• SUPPLIED MATERIAL
________

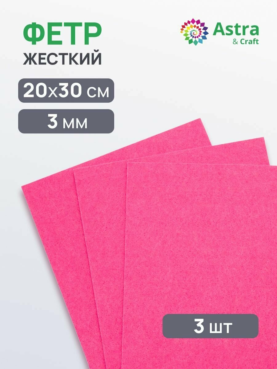 Купить Фетр жесткий листовой Astra&Craft, 3 мм, 20х30 см, 3 шт (AF814 ярко-розовый)
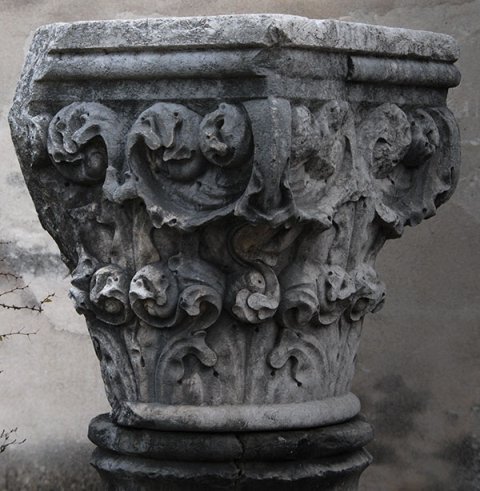 - Kapitell mit Akanthusblattkränzen, die Blattspitzen zu Voluten eingerollt
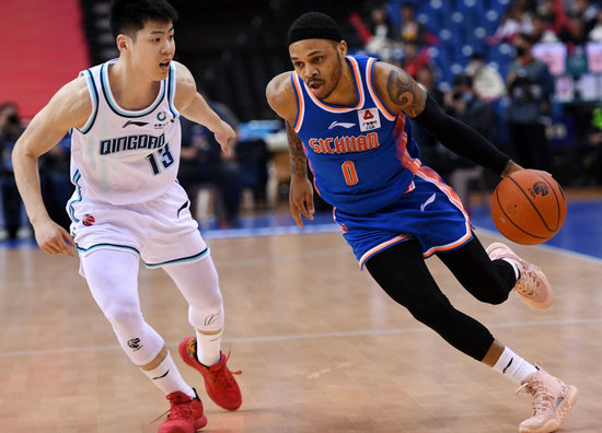 4月2日,青島隊球員劉家昕(左)在比賽中防守四川隊球員馬蘭。新華社記者李紫恒攝

________

• TASK TO CARRY OUT
An exact copy of the material above is required, minus its images.

• RESULT OF THIS TASK
 Купить Фетр жесткий листовой Astra&Craft, 3 мм, 20х30 см, 3 шт (AF814 ярко-розовый)
 - Kapitell mit Akanthusblattkränzen, die Blattspitzen zu Voluten eingerollt
 4月2日,青島隊球員劉家昕(左)在比賽中防守四川隊球員馬蘭。新華社記者李紫恒攝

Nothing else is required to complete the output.